Textile exports have been going down for the last two years, though an increase of 9.25 percent was recorded in November 2016 from the lower base of the corresponding month in 2015. All textile associations have been highlighting their plight through media and advertisements.
The basic textile sector comes up with different sets of demands and the wishes of the apparel sector are quite the opposite. Millers want zero duty on cotton imports but duties on all types of yarns and fabric. The apparel sector desires no duty on yarn and fabrics that are not produced in Pakistan.
On the government’s side, the chairman of TDAP SM Muneer feels isolated and powerless. During a recent briefing at All Pakistan Textile Mills Association (Aptma) he lamented that the export development fund meant for use by TDAP was under the control of the Ministry of Finance.
He felt disappointed that he was left out of a high level meeting held Thursday in Islamabad to discuss matters relating to exports.
The meeting chaired by the Prime Minister was attended by Finance Minister Ishaq Dar, FBR chairman and other high officials. Pakistan's overall exports have declined by around 25 percent since SM Muneer assumed charge.

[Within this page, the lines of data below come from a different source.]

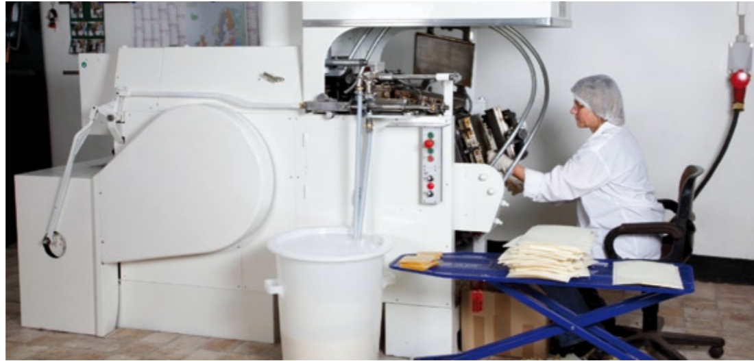
En esta máquina acondicionada probaron las trabajadoras del dpto. de ventas ellas mismas el horneado.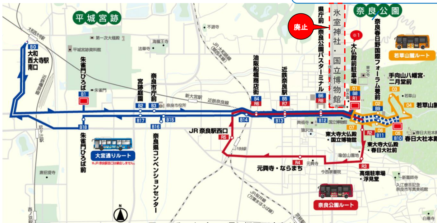
図. ぐるっとバスの運行概要(令和4年)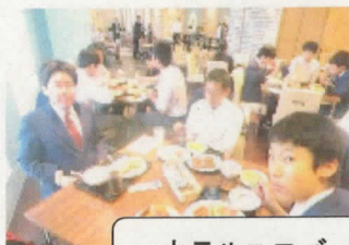
ホテルユニバーサルポートでの朝食

修学旅行最終日27日(水)は、生徒たちが楽しみにしていたUSJでの活動です。入園と同時に生徒たちはお目当てのアトラクションに走ったり、家族や後輩へのお土産を買ったりと、USJを満喫しました。心配していた雨もなんとか持ちこたえ、生徒たちはたくさんのお土産と思い出を抱え、伊丹空港から仙台への帰途に就きました。19時過ぎ、懐かしい仙台の街の灯が生徒たちを迎えてくれました。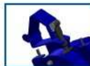
Abrazadera del tubo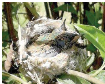
19 Colibri coruscans (Juv.) TROCHILIDAE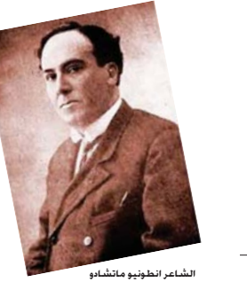
الشاعر انطونيو ماتشادو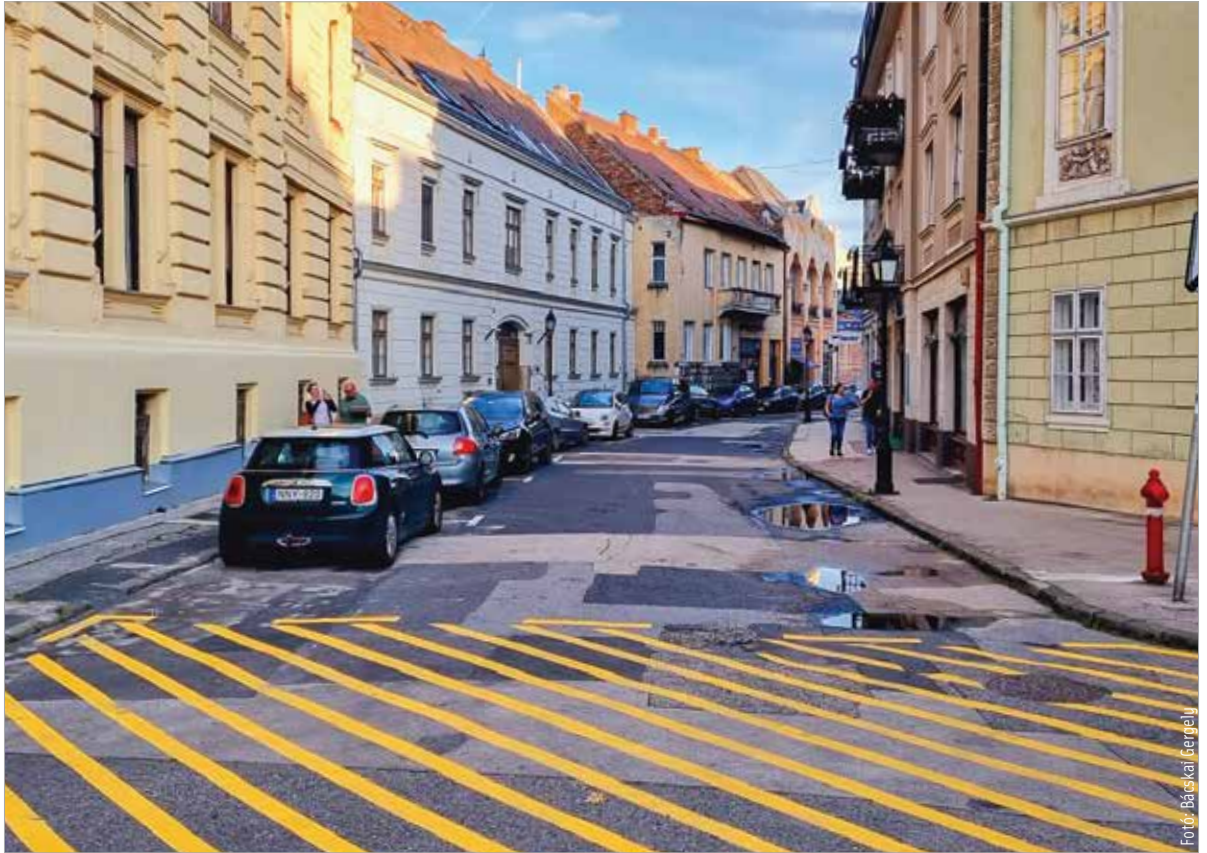
Július elsejétől a belváros környékén is elfogadják majd a történelmi belvárosba szóló lakossági parkolóberleteket

The TDAP chairman pointed out that the decline in exports was due to global recession. He said last year Pakistan's exports declined by 14 percent while there was a dip of 18 percent in Indian and 12 percent in Chinese exports.
This assertion opposes Aptma’s claim that only exports from Pakistan are falling while that of India are increasing. However, the Aptma leaders did not dispute the export statistics that TDAP chairman gave at Aptma House Lahore.

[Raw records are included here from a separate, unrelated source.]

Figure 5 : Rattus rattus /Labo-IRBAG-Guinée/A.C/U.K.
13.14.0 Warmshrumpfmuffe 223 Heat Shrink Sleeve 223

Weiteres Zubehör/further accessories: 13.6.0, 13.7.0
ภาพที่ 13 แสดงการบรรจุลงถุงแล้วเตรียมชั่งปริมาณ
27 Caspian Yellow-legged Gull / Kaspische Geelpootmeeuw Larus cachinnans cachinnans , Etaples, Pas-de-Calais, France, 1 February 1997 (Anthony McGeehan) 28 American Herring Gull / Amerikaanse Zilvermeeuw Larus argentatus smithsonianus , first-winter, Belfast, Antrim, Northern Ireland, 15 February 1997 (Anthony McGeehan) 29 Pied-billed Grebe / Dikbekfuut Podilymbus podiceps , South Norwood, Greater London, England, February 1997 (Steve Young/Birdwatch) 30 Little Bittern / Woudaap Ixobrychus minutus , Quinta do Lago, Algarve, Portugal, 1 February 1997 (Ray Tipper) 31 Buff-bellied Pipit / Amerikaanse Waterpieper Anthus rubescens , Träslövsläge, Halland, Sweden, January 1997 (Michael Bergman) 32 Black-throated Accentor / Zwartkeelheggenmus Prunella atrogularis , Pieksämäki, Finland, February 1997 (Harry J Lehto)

The chairman of the trade authority said that due to neglect at the highest level, exports have not benefited from the improved macroeconomic indicators of the country.
One point on which all the stakeholders agree was the high cost energy and power. They contend that they are not prepared to bear the losses suffered by the power distribution companies on theft.
They want industries to be excluded from surcharges levied to cover inefficiencies and theft. If this plea is accepted, then the entire burden would fall on domestic consumers, a majority of whom are honest. Nobody is pressing the state to shun corruption in the power sector to ensure relief across the board.
The stakeholders complain of high cost of doing business. This again is an administrative issue as there are no flaw in rules and regulations but the devil lies in execution.
In case of refunds, some stakeholders started bribing the officials for early release of refund dues. After a while, speed money for refunds became a norm and the rates also started increasing.
The turmoil in the textile sector is more due to conflict of interest among different subsectors of textiles and within the textile entrepreneurs operating in Punjab and other provinces. When the federal government announced reduction of Rs200 per mmcfd on industries using natural gas last month, the Punjab based industrialists opposed the move, as they were not the beneficiaries.
They were producing power from RLNG that is imported regasified gas and its rate is subject to fluctuations of crude oil rates in the global market. The decision to benefit the industries in other provinces was withdrawn and the facility was passed on to the independent power producers operating on gas.
This does not in any way mean that we should shift all the blame on the textile stakeholders. The government policies were also flawed.
For instance, the use of manmade fibres was restricted in Pakistan by maintaining high import duties on all manmade fibres. This was done to protect domestic polyester fibre industry.
Even manmade fibres that were not produced locally were subjected to non-refundable import duty even on exports. This resulted in restricting the domestic textile industry to cotton only.
Globally 75 percent of textile fabrics are made from manmade fibres.
This is the reason that product range of our textiles is restricted to 10-11 items, whereas Bangladesh’s textile product range is over 200 items. We cannot enlarge our product range on the current policies.